General Coordinator of the International Socialist Organization in Zimbabwe

Member of the Zimbabwe Parliament for Highfield, Harare
- In office 2000–2002

Personal details
- Born: 8 February 1968 (age 58) Gweru
- Party: International Socialist Organization
- Other political affiliations: Movement for Democratic Change
- Children: Sankara Bloemen Gwisai, Rosa Choto Gwisai
- Occupation: Lawyer

= Munyaradzi Gwisai =

Zimbabwean politician (born 1968)

Munyaradzi Gwisai is a Zimbabwean politician and general coordinator of the International Socialist Organization in Zimbabwe. He was a member of the parliament on a ticket of the Movement for Democratic Change from 2000 until he was expelled from the MDC in 2002 and lost the subsequent by-election.

==Personal life==

Munya currently lives in Harare, Zimbabwe. He teaches at the university of Zimbabwe, and also is partner at Matika, Gwisai and Partners in Harare and represents people all over the country. He has two children named Rosa and Sankara.
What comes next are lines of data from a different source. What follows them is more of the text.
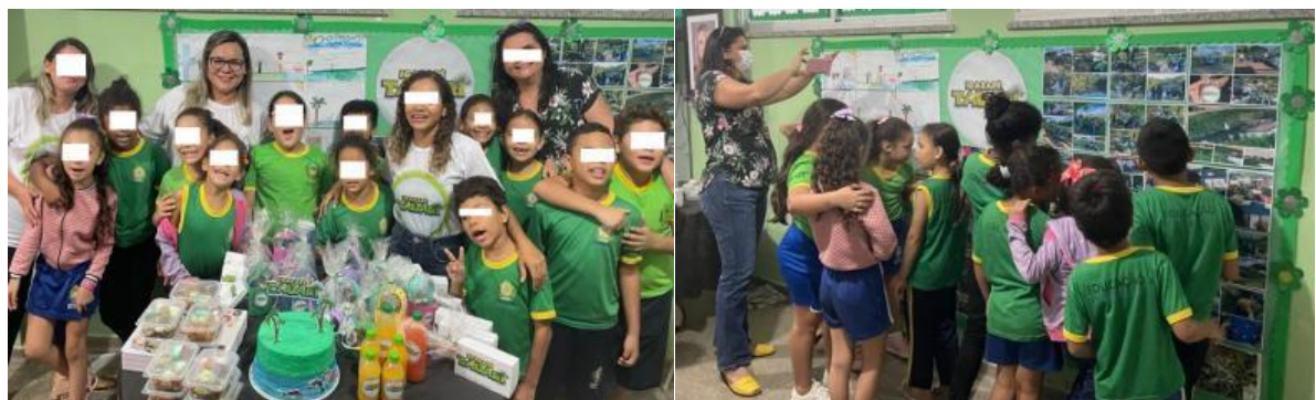
Fig. 7 Culminância da pesquisa com os alunos do 2º ano do EF da EMRSS em Boa vista/RR.

Assim, para encerrar a aplicação da SD, foi organizado um momento de descontração com os alunos (figura 7), onde eles receberam uma lembrancinha confeccionada com caixa de leite e lata pequena de goiabada, contendo bombons, chocolates e outras guloseimas, como forma de mostrar como alguns materiais podem ser reciclados e reutilizados, e, ainda agradecer pela disponibilidade em querer participar da pesquisa.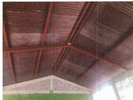
Foto 2: Las costaneras de metal con necesidad de aplicación de pintura.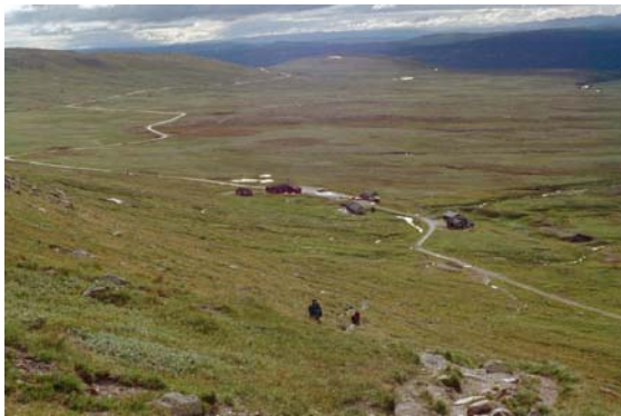
Prestholtseter ligg flott til ved dei flate myrdraga under Prestholtskarvet. Her er det kafé og stølsdrift.

nærleik til fjellet og fleire verneområde, mellom anna Hardangervidda nasjonalpark, Hardangerjøkulen/Skaupsjøen landskapsvernområde og Hallingskarvet nasjonalpark. Regionen har eit godt tilbod av hotell, restaurantar, fjellstuger/pensjonat, campingmoglegheiter og utleigehytter. Regionen har og eit stort tal fritidshytter.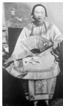
图1:中国传统的袄裙

“上衣下裳即上穿衣下穿裳,裳便是裙。上衣下裳是中国最早的服装形制之一,为汉服体系的第一个款式。”到近代这种服装形制依然是汉族女子主要的着装方式。中国传统的袄裙(图1)基本形制为立领、大襟右衽(或对襟)、连肩袖、袖身宽大平直、下摆开衩。衣身面料为暗花绸缎,大襟至侧襟及两侧开衩处刺绣或镶滚装饰,或是用素缎作底,上面刺绣图案,到清末,边饰发展到了异常繁琐复杂的状态,甚至将原来衣料完全掩盖了。这种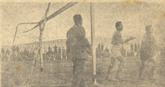
Arriba: El España de Tánger y la entrega de un banderín en presencia del señor Casal, desdichado árbitro del encuentro. Abajo: Los dos goles locales, el del penalty y, el segundo, protestado por los visitantes.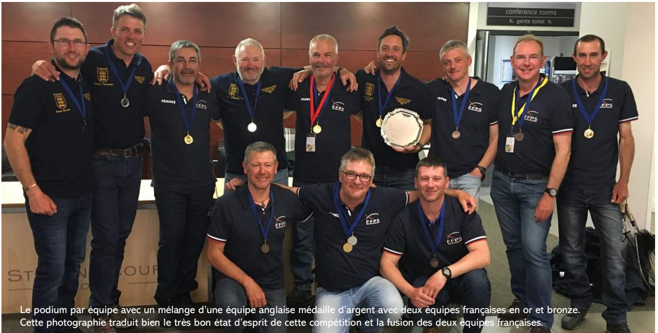
Le podium par équipe avec un mélange d'une équipe anglaise médaille d'argent avec deux équipes françaises en or et bronze. Cette photographie traduit bien le très bon état d'esprit de cette compétition et la fusion des deux équipes françaises.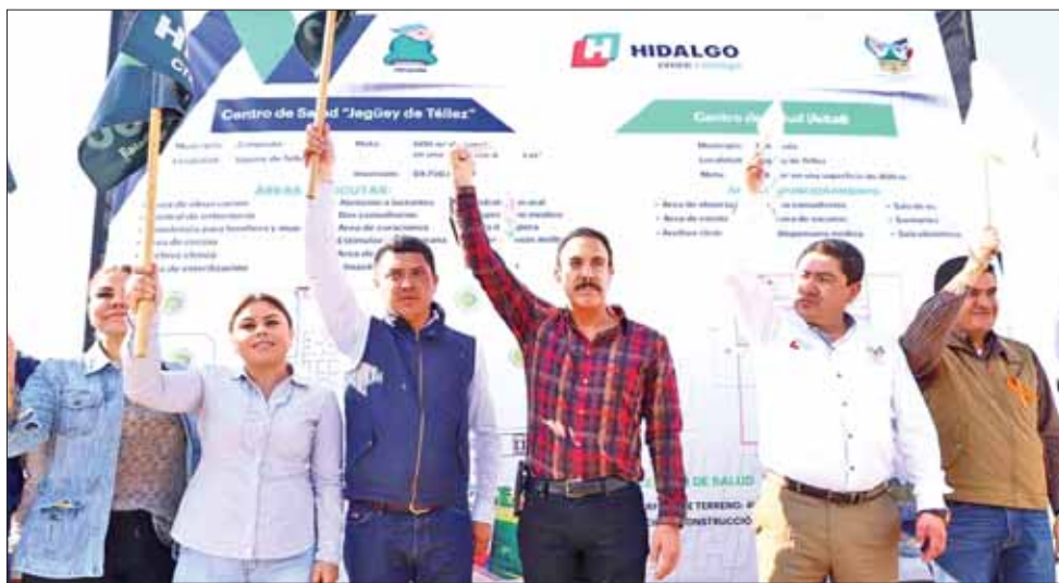
Vamos a seguir trabajando para que más familias cuenten con una mejor educación, salud de calidad y vías de comunicación eficientes. Con trabajo responsable es posible alcanzar el desarrollo de todos en Hidalgo; destacó Omar Fayad.

"Hay quienes se dedican a molestar y no trabajar, hay quienes critican y lo hacen sin sentido, pero los gobiernos federal y estatal tienen la obligación de responder a la población..."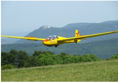
ASK-13 im Anflug Unser Schulflugzeug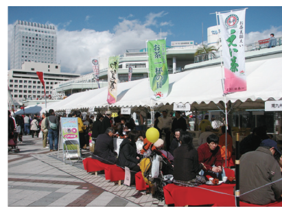
ふるさとの味が集まる、全国の観光物産展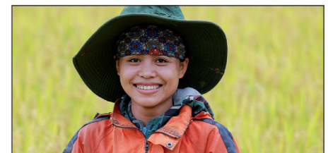
Oktober 2025: Totaal bijeengebracht 26.550 euro Inkomen verbeteren en banen voor boeren in Quang Tri, Vietnam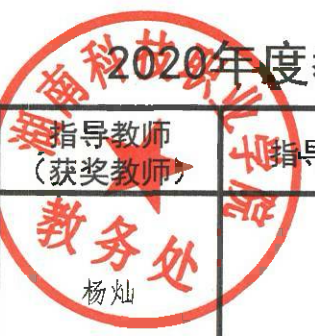
2020年度教师(含教师指导学生)参加其它竞赛获奖奖金统计汇总表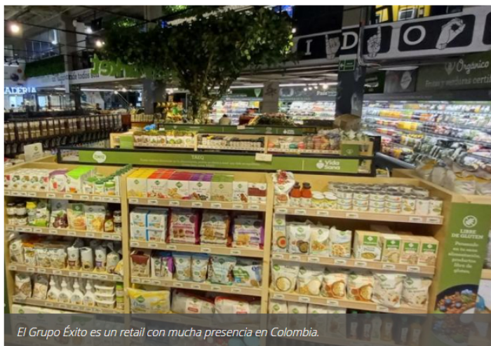
El Grupo Éxito es un retail con mucha presencia en Colombia.

La junta directiva le dio el visto bueno a la administración del Grupo para llevar a cabo esta tarea.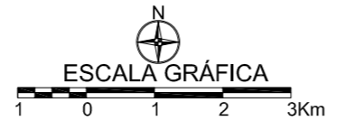
MAPA DE PONTOS D'ÁGUA 2005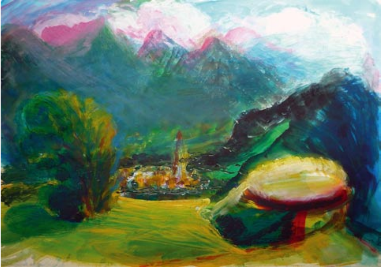
Mals - 2009 - Acryl auf Fedrigoni Karton 70 x 100 cm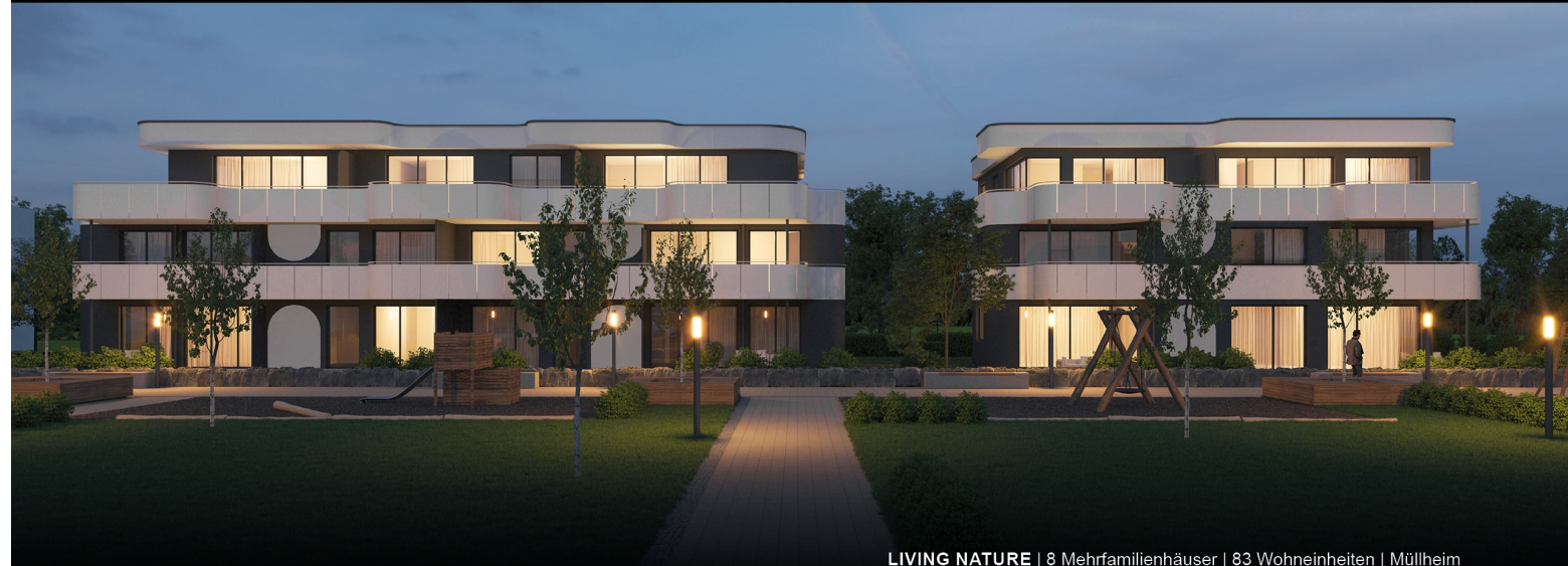
LIVING NATURE | 8 Mehrfamilienhäuser | 83 Wohneinheiten | Müllheim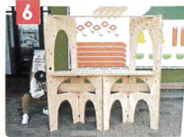
小天板を設置します。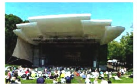
札幌芸術の森野外ステージ

歌って参加できるのは、①25日（金）の野外フェスと②26日（土）特別音楽会 I ③同日特別音楽会 II です。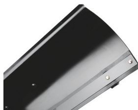
PRYŽOVÁ STÍRACÍ HRANA 966 00 19-01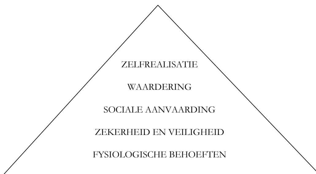
Figuur 2 De behoeftepiramide van Maslow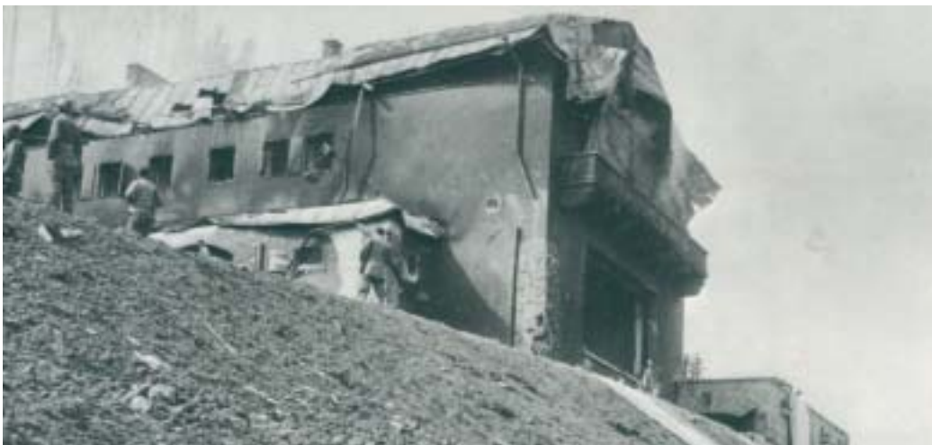
Le «nid d'Aigle» d'Hitler détruit.

Après avoir joué un rôle actif dans la libération de Royan (14-18 avril 1945), la 2 e DB, rattachée à la 7 e armée américaine du général Patch, est enfin envoyée en Allemagne. Regroupée en Bavière au début de mai, elle entreprend sa dernière charge vers le « Nid d'Aigle » de Hitler à Berchtesgaden, qu'elle occupe à la veille de la capitulation allemande. La « division Leclerc » quittera l'Allemagne le 23 mai pour Fontainebleau, où, après avoir descendu les Champs-Élysées à bord de son char le 18 juin 1945, Leclerc passera son commandement à son fidèle adjoint, le colonel Dio : « Quand vous sentirez votre énergie fléchir, dira-t-il alors à ses hommes, rappelez-vous Koufra, Alençon, Paris, Strasbourg. Retrouvez vos camarades, recherchez vos chefs et continuez, en répandant dans le pays le patriotisme qui a fait notre force. » ■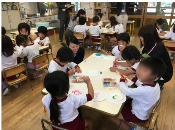
(保育園への巡回相談の様子)

(注 26) スクリーニング検査・・・「障がいや病気のある人」を早く発見し、早期の適切な対応につながるための検査のこと。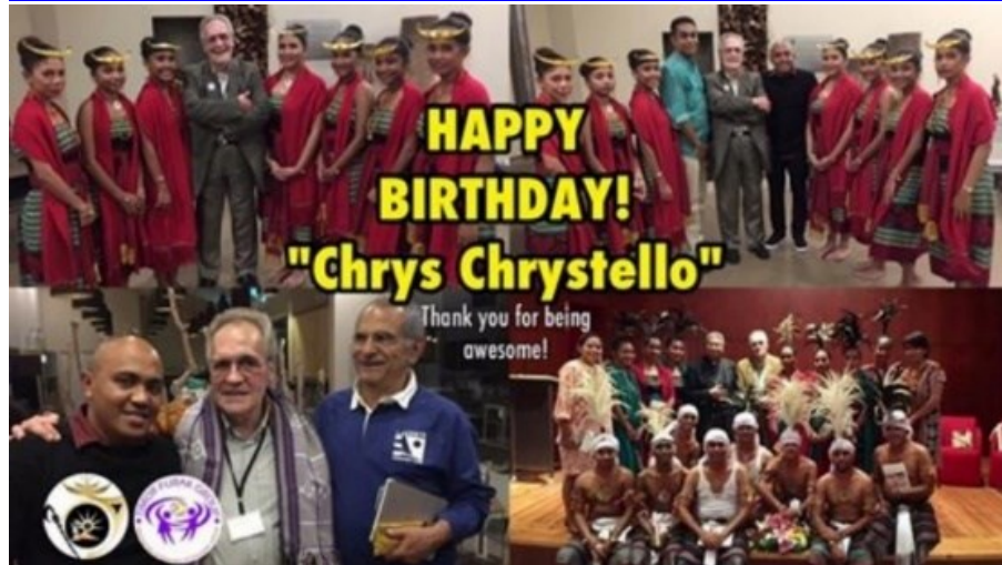
26º LOMBA DA MAIA 2016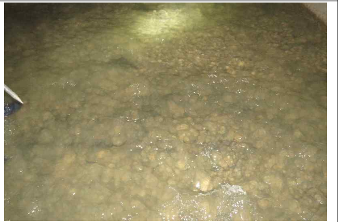
(시흥천1복개) 3런 BOX구간 바닥부 표면 침식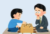
囲碁・将棋クラブ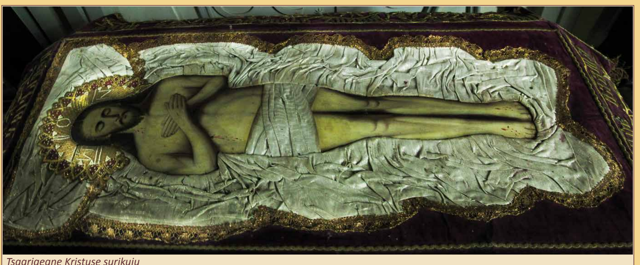
Tsaariaegne Kristuse surikuju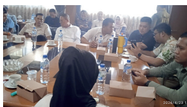
Komisi IV DPRD Kabupaten Sukabumi audensi dengan Disdik

Menindaklanjuti laporan yang disampaikan oleh Lembaga Swadaya Masyarakat Gerakan Aktivistis Peduli Untuk Rakyat (LSM GAPURA) kepada sekretariat DPRD, jajaran Komisi IV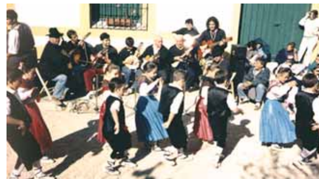
Festa in onore del Prodigio chiamata la «Pedredia», a memoria del luogo dove fu ritrovata l'Ostia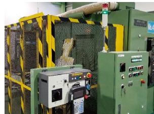
【縦型複合加工機】 5軸制御による精密加工で複雑な形状も1チャックで加工。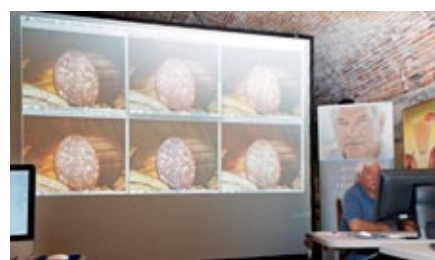
Un momento della valutazione delle immagini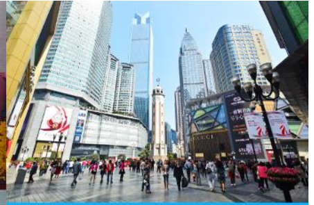
ย่านเจียฟางเปย

วันที่สาม ฉงชิ่ง-ร้านผลิตภัณฑ์ยางพารา -The Ring Mall of Hongkong Land's Yorkville-ถนน โบราณริมผา(ซอยหน้าผา) ตึกตะเกียบ-ถนนคนเดินเจียฟางเปย-โกดังขายออฟชั่น ละครจีนตุนิมิต สุดอลังการเรื่อง แม่น้ำแยงซี+สุกี้หมาล่า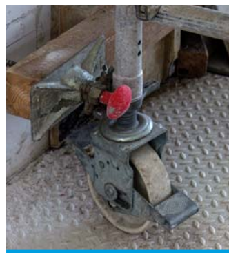
Гальмо рухомого риштування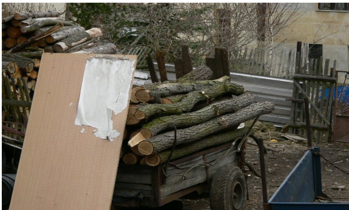
fotografie č. 17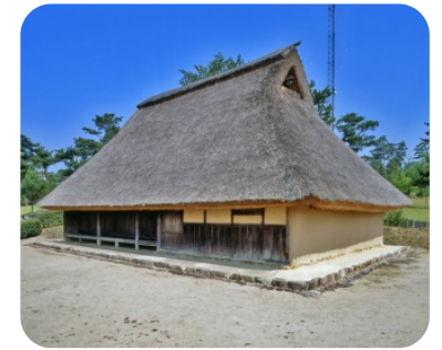
昔の暮らしが体感できる 旧真野家住宅（重要文化財）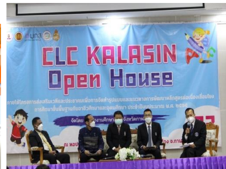
กิจกรรม kalasin open house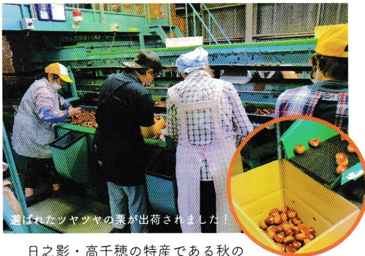
選ばれたツツヤの栗が出荷されました！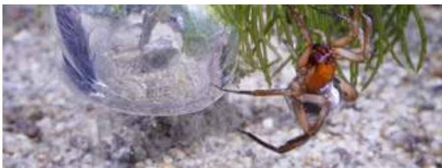
A kecskeméti rajzfilmstúdióban készült Vízipók Csodapók hősenek modellje, a búvárpók az egyetlen pókfaj, amely légnadrágja és búvárharangja segítségével szinte egész életét a víz alatt tölti.

A pókok egyébként nem is egy, hanem hétféle selymet tudnak előállítani. A testük belsejében ún. szövőmirigyek találhatók, melyek folyékony pókselymet készítenek. A folyadék akkor szilárdul meg, amikor átpréselik a potrohuk végén lévő szövőszemölcszeiken. Ilyenkor átrendeződnek a folyadékban lévő fehérjemolekulák és létrejön a szilárd pókfonal. A legtöbb póknak három pár szövőszemölcsze van, amelyeket aszerint mozgat, hogy milyen szájakat akar előállítani: ha közelíti őket egymáshoz, akkor egy vastagabb fonal keletkezik, ha pedig távolabb tartja, akkor több finom szál távozik a testéből. A pókselymet maguk a pókok is igen sokféle módon használják: van, hogy a zsákmány megfogására és becsomagolására, de otthonuk bélelésére, víz alatti búvárharang készítésére, esetleg levegőben való utazásra is készítenek pókfonalat. A zsákmányolásra szánt szájakat egyes pókok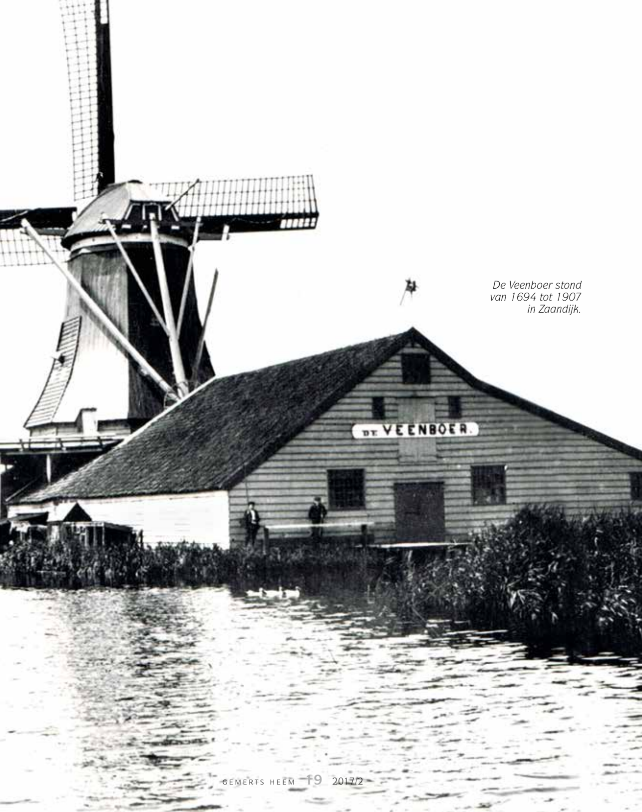
De Veenboer stond van 1694 tot 1907 in Zaandijk.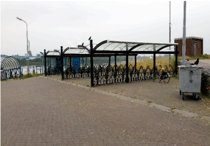
Stalling zoekt fietsen in IJmuiden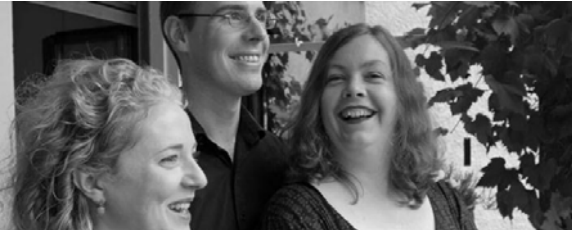
Alden Biesen Dag van de Oude Muziek: Le Jardin Secret

Het ensemble "les luths réunis" zal op 5 juni een Renaissance dansatelier animeren in het Musée du Coudenberg, 1000 Brussel. Meer info op : http://www.coudenberg.com/fr/preparez-votre-visite/presentation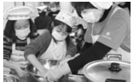
おやこ郷土料理調理体験では、きりたんぼ風の「あんぶらもち」を作り、好評でした。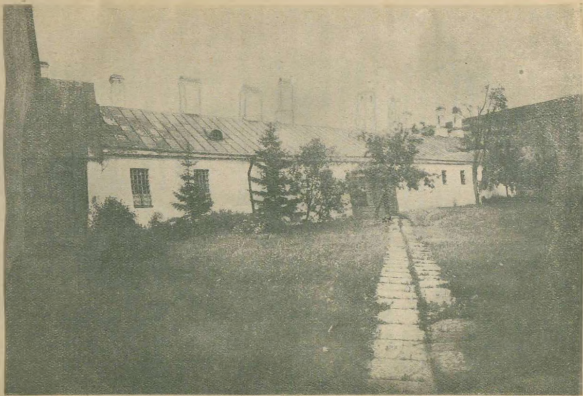
Здание старой тюрьмы в Шлиссельбурге, где осужденные по делу 1 марта сидели с 5—8 мая. Направо стена, подле которой они были казнены.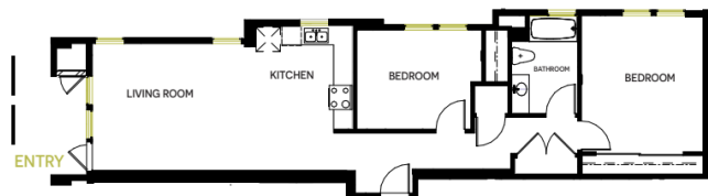
210 LAFAYETTE CIRCLE | UNIT #103

In February 2011, Gwisai and 45 others were arrested after watching video footage of the Arab Spring at a public meeting and were charged with treason, which carries the death penalty in Zimbabwe. Gwisai's wife, Shantha Bloemen, claims "the strategy of the regime at the moment is to stall it for as long as possible for propaganda value, to instill fear in people." The move has been condemned by Human Rights Watch and Amnesty International. Gwisai was released with a fine in 2012.